Oleh: Muhammd Madarik
Penulis: Khoiron ibn Bdr. H. Busri Abdul Halim
Judul: Tashil al-Mubtadi' fi Fahm al-Ilm al-Nafi' bi al-Ilm
al-Nahw
Penerbit: Kirisufi, Jogjakarta
Tahun Terbit dan Cetakan: 2016, 1
Tebal Buku: 185 Halaman
Sesuai dengan namanya, buku ini menyimpan banyak hal positif bagi
pembacanya, di antaranya memudahkan para pelajar pemula memahami Ilmu Nahwu.
Bahasa Arab dengan seluruh disiplinnya, termasuk Ilmu Nahwu itu sendiri,
merupakan sesuatu yang dibutuhkan setiap orang (dan di dalamnya kalangan
santri). Tetapi ketidakmampuan menyelami ilmu-ilmu yang bermutiara bahasa Arab
bagi para pemula, seperti diakui oleh penulis buku ini, membuat enggan untuk
berusaha. Bahkan, klaim salah satu santri Pondok Pesantren Raudlatul Ulum I
Ganjaran Gondanglegi Malang itu, tidak sedikit dari mereka berputus asa.
Latar inilah yang melandasi buku ini disusun. Tentu faktor
keterpanggilan lubuk penulisnya, menjadikan buku ini diberi judul "Tashil
al-Mubtadi' fi Fahm al-Ilm al-Nafi' bi Ilm al-Nahw," di mana makna
yang terkandung di dalamnya tidak terlalu berjarak dengan keinginan penulis.

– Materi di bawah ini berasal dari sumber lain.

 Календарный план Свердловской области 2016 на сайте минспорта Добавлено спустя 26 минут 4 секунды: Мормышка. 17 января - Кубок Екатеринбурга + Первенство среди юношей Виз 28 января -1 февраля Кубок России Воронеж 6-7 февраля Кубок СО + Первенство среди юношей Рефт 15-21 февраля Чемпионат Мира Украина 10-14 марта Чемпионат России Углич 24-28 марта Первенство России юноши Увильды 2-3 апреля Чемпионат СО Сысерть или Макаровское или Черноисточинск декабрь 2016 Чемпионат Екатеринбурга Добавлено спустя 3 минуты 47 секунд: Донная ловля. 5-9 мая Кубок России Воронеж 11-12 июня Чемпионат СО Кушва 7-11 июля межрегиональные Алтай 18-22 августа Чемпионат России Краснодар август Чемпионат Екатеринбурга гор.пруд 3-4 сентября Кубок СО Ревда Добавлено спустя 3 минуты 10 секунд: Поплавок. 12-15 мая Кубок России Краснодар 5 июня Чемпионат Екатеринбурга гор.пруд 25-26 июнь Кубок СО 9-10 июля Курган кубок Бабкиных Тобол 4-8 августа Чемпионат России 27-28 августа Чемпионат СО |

Sekilas membaca, penikmat buku ini yang dengan gampang menemukan benang merah
antara judul dan isi akan berani menyematkan kecerdikan penulisnya.
Tema Nahwu sebetulnya bagian dari pokok pembahasan klasik dalam
dunia pesantren. Tanpa mengurangi azas manfaat buku ini, orang-orang pesantren
telah mengenal materi nahwu sejak awal. Di dunia pesantren dikenal kitab-kitab
yang menguraikan tentang gramatika Arab semisal Al-Jurumiyah, Mutammimah, Al-Amrithi,
atau kitab kelas atas seperti Alfiyah dan kitab-kitab syarh-nya.

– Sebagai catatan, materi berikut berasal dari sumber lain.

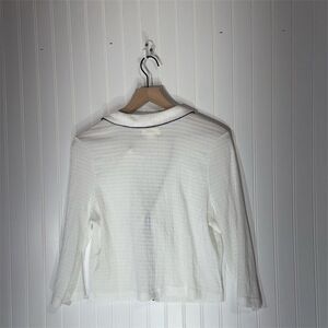Maeve Anthropologie White Textured Cardigan M NWT Black Trim Bow Front Top

Namun, kehadiran buku ini tidak saja menambah perbendaharaan khzanah kitab
kuning, tetapi menjadi salah satu pilihan para pemula memahami Ilmu Nahwu.
Karena buku cetakan pertama ini menyuguhkan ringkasan materi Nahwu yang sangat
mudah dimengerti.
Kemudahan-kemudahan yang terdapat dalam buku ini bisa dilihat dari
uraian-uraian yang begitu singkat tetapi memuat definisi yang padat. Sehingga para
pemula cepat menangkap isi dan pengertian-pengertian, bahkan bentuk penjelasan
yang simpel ini mampu menghantarkan mereka untuk mengingat-ingat isi materi.

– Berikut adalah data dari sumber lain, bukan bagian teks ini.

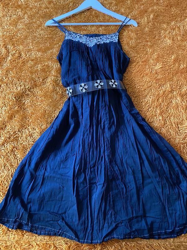 Сукня, 100% бавовна, з підкладкою. Повсякденна, вечірня. Середньої довжини. На тонких бретельках, з вишивкою штучного скла-каміння. Заміри: НОГ (під пахвами) - 46, далі йде вільна трапеція, вільний сарафан - 76 - 99 (внизу), бретельки - 10, довжина (з берельками) - 100. Х/б, на тонкій х/б підкладці. Найкраще пасує носити з поясом)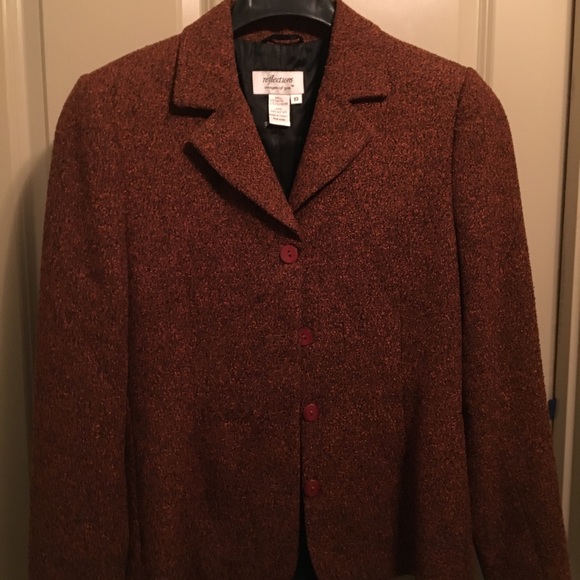 Jacket & skirt new never worn. Clean size10 the color is black and orangish/rust
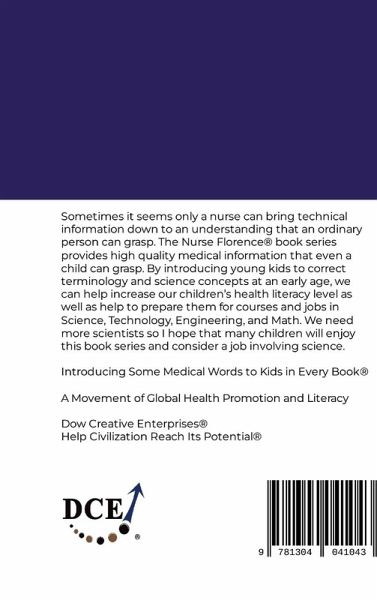 Sometimes it seems only a nurse can bring technical information down to an understanding that an ordinary person can grasp. The Nurse Florence® book series provides high quality medical information that even a child can grasp. By introducing young kids to correct terminology and science concepts at an early age, we can help increase our children's health literacy level as well as help to prepare them for courses and jobs in Science, Technology, Engineering, and Math. We need more scientists so I hope that many children will enjoy this book series and consider a job involving science. Introducing Some Medical Words to Kids in Every Book® A Movement of Global Health Promotion and Literacy Dow Creative Enterprises® Help Civilization Reach Its Potential®

Kemudahan itu juga dapat ditilik dari skema-skema yang dibuat
penulisnya. Melalui skema tersebut hafalan inti-inti materi dengan gampang
dilakukan tanpa harus diangan-angan terlebih dahulu. Tentu cara begini sangat
membantu para pemula lebih mengerti.
Di samping itu, contoh-contoh yang ada cukup melengkapi
uraian-uraian. Apalagi tamsil yang dimaksud (محل الشهيد) diberi garis bawah, sehingga dengan enak
para pemula menunjuk lafadz yang dituju. Seperti soal salah satu dari
macam-macam isim yang menjadi fa'il yaitu isim mufrod
dengan contoh: يتعلم محمد النحو [Hal. 36].
Buku ini kian bertambah bobot ilmiahnya setelah dicermati terdapat
beberapa contoh-contoh yang diambil dari ayat al-Qur'an atau syair Arab. Hal
ini misalnya bisa dibaca pada contoh:
قل إن كنتم الله فاتبعوني يحببكم الله [Hal. 138].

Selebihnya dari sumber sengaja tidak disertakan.